DiG: Scalable and Efficient Diffusion Models with Gated Linear Attention

Lianghui Zhu,Zilong Huang,Bencheng Liao,Jun Hao Liew,Hanshu Yan,Jiashi Feng,Xinggang Wang
2024-05-29
Abstract:Diffusion models with large-scale pre-training have achieved significant success in the field of visual content generation, particularly exemplified by Diffusion Transformers (DiT). However, DiT models have faced challenges with scalability and quadratic complexity efficiency. In this paper, we aim to leverage the long sequence modeling capability of Gated Linear Attention (GLA) Transformers, expanding its applicability to diffusion models. We introduce Diffusion Gated Linear Attention Transformers (DiG), a simple, adoptable solution with minimal parameter overhead, following the DiT design, but offering superior efficiency and effectiveness. In addition to better performance than DiT, DiG-S/2 exhibits $2.5\times$ higher training speed than DiT-S/2 and saves $75.7\%$ GPU memory at a resolution of $1792 \times 1792$. Moreover, we analyze the scalability of DiG across a variety of computational complexity. DiG models, with increased depth/width or augmentation of input tokens, consistently exhibit decreasing FID. We further compare DiG with other subquadratic-time diffusion models. With the same model size, DiG-XL/2 is $4.2\times$ faster than the recent Mamba-based diffusion model at a $1024$ resolution, and is $1.8\times$ faster than DiT with CUDA-optimized FlashAttention-2 under the $2048$ resolution.

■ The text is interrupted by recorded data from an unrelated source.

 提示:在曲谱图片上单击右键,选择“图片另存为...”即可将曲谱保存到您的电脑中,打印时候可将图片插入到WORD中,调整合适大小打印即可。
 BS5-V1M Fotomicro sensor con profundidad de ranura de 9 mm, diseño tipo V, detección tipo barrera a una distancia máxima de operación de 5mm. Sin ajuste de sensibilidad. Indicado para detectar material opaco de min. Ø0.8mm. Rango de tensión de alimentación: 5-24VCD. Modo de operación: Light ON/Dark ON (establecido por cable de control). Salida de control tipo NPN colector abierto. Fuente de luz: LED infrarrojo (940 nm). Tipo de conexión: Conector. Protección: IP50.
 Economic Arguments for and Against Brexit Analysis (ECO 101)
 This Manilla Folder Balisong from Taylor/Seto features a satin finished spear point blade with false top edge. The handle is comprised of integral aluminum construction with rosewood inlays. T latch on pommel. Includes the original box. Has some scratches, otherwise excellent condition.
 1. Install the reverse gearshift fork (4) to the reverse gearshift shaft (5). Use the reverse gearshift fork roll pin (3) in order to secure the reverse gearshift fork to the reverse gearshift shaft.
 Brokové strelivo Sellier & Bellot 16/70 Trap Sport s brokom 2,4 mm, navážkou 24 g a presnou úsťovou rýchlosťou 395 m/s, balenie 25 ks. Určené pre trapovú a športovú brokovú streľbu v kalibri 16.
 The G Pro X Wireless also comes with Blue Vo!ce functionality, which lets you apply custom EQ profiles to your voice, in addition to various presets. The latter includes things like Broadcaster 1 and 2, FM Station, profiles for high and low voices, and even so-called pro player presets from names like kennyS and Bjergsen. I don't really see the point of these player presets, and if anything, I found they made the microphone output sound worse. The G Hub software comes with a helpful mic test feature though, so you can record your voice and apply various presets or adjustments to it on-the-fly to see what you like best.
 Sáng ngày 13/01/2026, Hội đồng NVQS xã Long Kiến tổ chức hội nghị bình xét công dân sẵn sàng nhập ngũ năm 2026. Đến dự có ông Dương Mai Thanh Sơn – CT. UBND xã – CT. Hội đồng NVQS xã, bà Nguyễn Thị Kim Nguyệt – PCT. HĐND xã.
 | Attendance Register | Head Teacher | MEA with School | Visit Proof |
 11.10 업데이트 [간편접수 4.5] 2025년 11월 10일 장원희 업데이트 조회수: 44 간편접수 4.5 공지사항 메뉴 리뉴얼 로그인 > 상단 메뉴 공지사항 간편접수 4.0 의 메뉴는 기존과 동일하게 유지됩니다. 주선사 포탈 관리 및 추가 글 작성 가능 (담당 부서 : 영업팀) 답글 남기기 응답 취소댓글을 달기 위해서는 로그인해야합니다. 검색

All these results demonstrate its superior efficiency among the latest diffusion models. Code is released at <a class="link-external link-https" href="https://github.com/hustvl/DiG" rel="external noopener nofollow">this https URL</a>.
Computer Vision and Pattern Recognition,Artificial Intelligence
What problem does this paper attempt to address?

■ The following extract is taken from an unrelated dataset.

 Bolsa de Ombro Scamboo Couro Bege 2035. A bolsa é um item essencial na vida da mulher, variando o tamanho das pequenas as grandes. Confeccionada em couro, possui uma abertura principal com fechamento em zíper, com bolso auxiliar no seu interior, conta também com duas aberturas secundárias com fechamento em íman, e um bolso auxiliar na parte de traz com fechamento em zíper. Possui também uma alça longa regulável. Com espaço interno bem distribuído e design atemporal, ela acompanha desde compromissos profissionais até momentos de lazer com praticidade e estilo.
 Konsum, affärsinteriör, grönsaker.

The main goal of this paper is to propose a new diffusion model architecture—Diffusion Gated Linear Attention Transformers (DiG), to address the scalability and efficiency issues faced by existing diffusion models when handling large-scale pre-training and high-resolution image generation. Specifically, DiG aims to leverage the capabilities of the Gated Linear Attention (GLA) Transformer to improve existing models like Diffusion Transformers (DiT). The GLA Transformer achieves long-sequence modeling through a linear attention mechanism, which helps reduce computational complexity. DiG combines a lightweight Spatial Reorientation and Enhancement Module (SREM) to control inter-layer scanning direction and enhance local perception capabilities. The main contributions of DiG include: 1. Proposing the first attempt to apply linear attention Transformers to diffusion models, addressing the issues of unidirectional scanning and lack of local perception in visual generation by introducing the SREM module. 2. In high-resolution image generation tasks, DiG has higher training speed and lower GPU memory consumption compared to DiT. For example, at a resolution of 1792×1792, DiG is 2.5 times faster than DiT and saves 75.7% of GPU memory. 3. Experimental results show that DiG outperforms DiT in generative performance on the ImageNet dataset, and the FID score continues to decrease as the model scale increases, demonstrating good scalability. In summary, DiG is an efficient and scalable diffusion model, particularly suitable for handling long-sequence generation tasks such as high-resolution image generation. It not only improves training speed and reduces resource requirements but also maintains or enhances the quality of generated images.